Importantly, the Mohave County court parted ways with the Maricopa County court on the issue of which party bears the burden in the trial de novo. Where the Maricopa County court had insisted that the licensed contractor bore the burden in an essentially appellate review, the Mohave County court ruled explicitly that the homeowners bore the burden of proving the elements of their original ROC complaint, which was the subject of the administrative hearing. In other words, the homeowner needed to present their case again, which is in keeping with the ordinary meaning of the Latin phrase de novo (i.e., “again”) in the legal term “trial de novo.”


The Mohave County court went on to explain that it viewed the trial de novo as having two possible outcomes:


If the court determines that the state agency’s factual and legal determinations are correct (based on the record and evidence presented in the trial de novo), the court can permissibly give deference to the agency’s prescribed discipline arising from those determinations.


If the court determines that the state agency’s factual or legal determinations are flawed (or not supported by the evidence presented by the homeowner), then no such deference can be afforded to the agency’s disciplinary decision, and it is then appropriate for the court to modify or vacate the agency’s decision.

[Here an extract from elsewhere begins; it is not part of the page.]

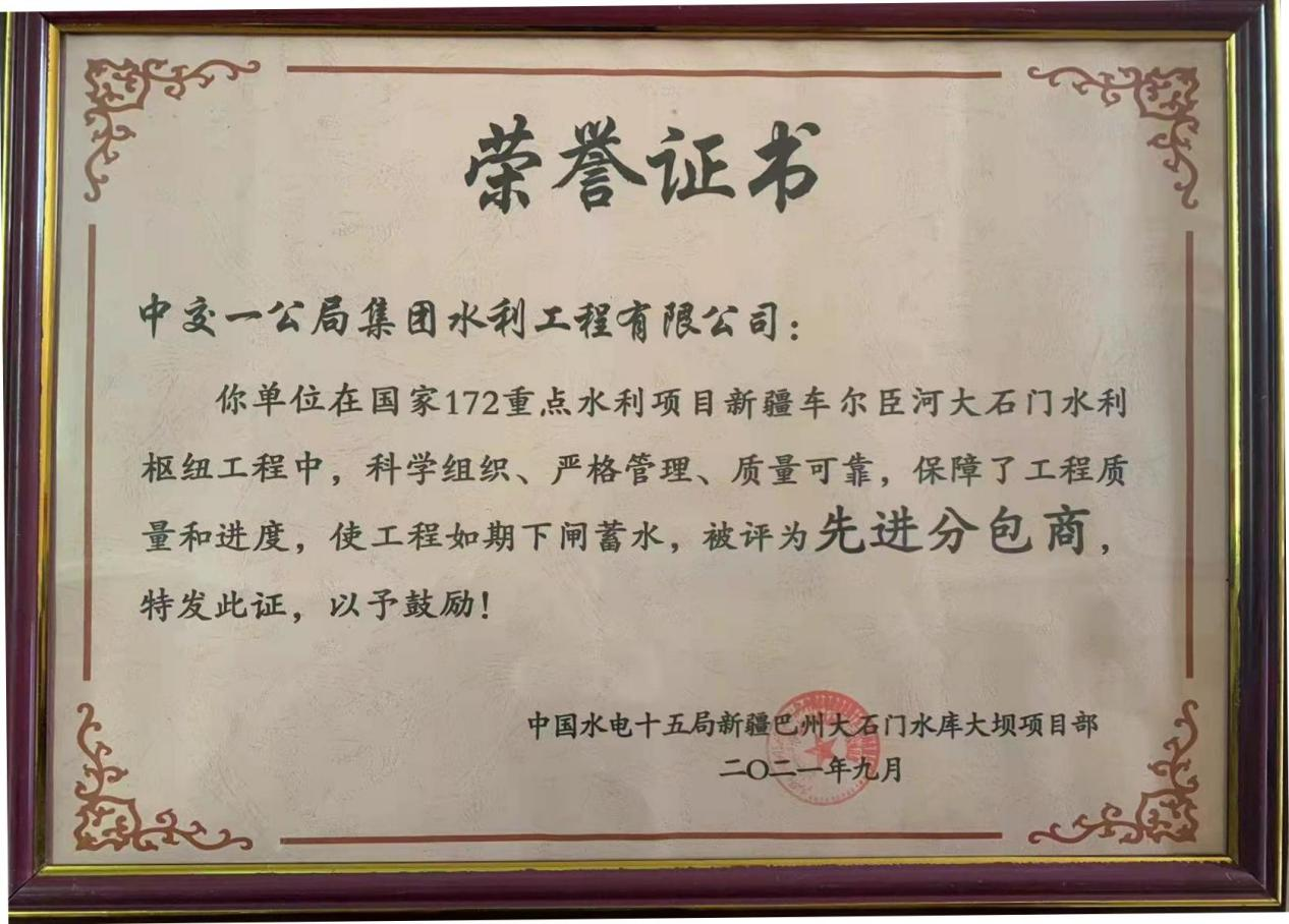 11月19日,必威体育平台中国登陆入口,在国家172重点水利项目新疆车尔臣河大石门水利枢纽工程中,因组织科学、管理严格、质量可靠,使工程如期下闸蓄水,荣获“先进分包商”称号。

But the Mohave County court apparently did not want to require the homeowner to establish, explain, or justify the ROC’s disciplinary policy for licensed contractors. The Court left the ROC’s disciplinary policy as something for the contractor to challenge (as opposed to something that the homeowner is primarily responsible for addressing). As the Court stated: “If the contractor wishes to argue that the discipline prescribed by the agency was arbitrary or an abuse of discretion, then it is incumbent upon the contractor to make such a showing in the trial de novo.


This was disappointing, because the bottom line for an ROC complaint and hearing is what does or does not happen to the contractor’s license. Should that license be disciplined for one day or ten days? Should restitution be required as a condition of continued licensure? Those are important questions, and providing solid answers should be part of the homeowner’s burden of proof. Requiring the contractor to explain why the discipline is inappropriate appears to shift the burden back to the contractor, in way that does not make sense in a trial de novo in superior court.

 

Conclusion. Trial courts have been applying the revisions in A.R.S. § 12-910 for several years now, but we do not yet have guidance from the Arizona Court of Appeals about what exactly is or is not required or allowed in a trial de novo. Important differences in how Arizona’s trial courts are applying those revisions could lead – hopefully soon – to a helpful opinion from the Court of Appeals.

 

Until we have that opinion, anyone involved in a Registrar of Contractors case – at whatever stage that case happens to be – should be aware of the possibility of a trial de novo following the Registrar’s final administrative decision.

For anyone litigating such a case or considering such litigation, it would be prudent to consult with a knowledgeable attorney about the possibilities and risks associated with the trial de novo, so that the litigation strategy can be as informed and successful as possible.